Help us improve your experience.

Let us know what you think.

Do you have time for a two-minute survey?

Examples: Configuring BGP Multipath

 

Understanding BGP Multipath

BGP multipath allows you to install multiple internal BGP paths and multiple external BGP paths to the forwarding table. Selecting multiple paths enables BGP to load-balance traffic across multiple links.

A path is considered a BGP equal-cost path (and is used for forwarding) if the BGP path selection process performs a tie-break after comparing the IGP cost to the next-hop. By default, all paths with the same neighboring AS, learned by a multipath-enabled BGP neighbor are considered in the multipath selection process.

BGP, typically selects only one best path for each prefix and installs that route in the forwarding table. When BGP multipath is enabled, the device selects multiple equal-cost BGP paths to reach a given destination, and all these paths are installed in the forwarding table. BGP advertises only the active path to its neighbors, unless add-path is in use.

The Junos OS BGP multipath feature supports the following applications:

  • Load balancing across multiple links between two routing devices belonging to different autonomous systems (ASs)

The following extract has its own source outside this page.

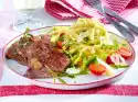 Grill the meat on the hot grill for about 3 minutes on each side. After about 3 minutes add tomatoes and spring onions. Grill briefly while turning. Remove vegetables and meat from the grill. Wrap steaks in foil and let them rest for about 2 minutes.

  • Load balancing across a common subnet or multiple subnets to different routing devices belonging to the same peer AS

  • Load balancing across multiple links between two routing devices belonging to different external confederation peers

  • Load balancing across a common subnet or multiple subnets to different routing devices belonging to external confederation peers

In a common scenario for load balancing, a customer is multihomed to multiple routers or switches in a point of presence (POP). The default behavior is to send all traffic across only one of the available links. Load balancing causes traffic to use two or more of the links.

BGP multipath does not apply to paths that share the same MED-plus-IGP cost, yet differ in IGP cost. Multipath path selection is based on the IGP cost metric, even if two paths have the same MED-plus-IGP cost.

Starting in Junos OS Release 18.1R1 BGP multipath is supported globally at [edit protocols bgp] hierarchy level. You can selectively disable multipath on some BGP groups and neighbors. Include disable at [edit protocols bgp group group-name multipath] hierarchy level to disable multipath option for a group or a specific BGP neighbor.

Starting in Junos OS Release 18.1R1, you can defer multipath calculation until all BGP routes are received. When multipath is enabled, BGP inserts the route into the multipath queue each time a new route is added or whenever an existing route changes. When multiple paths are received through BGP add-path feature, BGP might calculate one multipath route multiple times. Multipath calculation slows down the RIB (also known as the routing table) learning rate. To speed up RIB learning, multipath calculation can be either deferred until the BGP routes are received or you can lower the priority of the multipath build job as per your requirements until the BGP routes are resolved. To defer the multipath calculation configure defer-initial-multipath-build at [edit protocols bgp] hierarchy level. Alternatively, you can lower the BGP multipath build job priority using multipath-build-priority configuration statement at [edit protocols bgp] hierarchy level to speed up RIB learning.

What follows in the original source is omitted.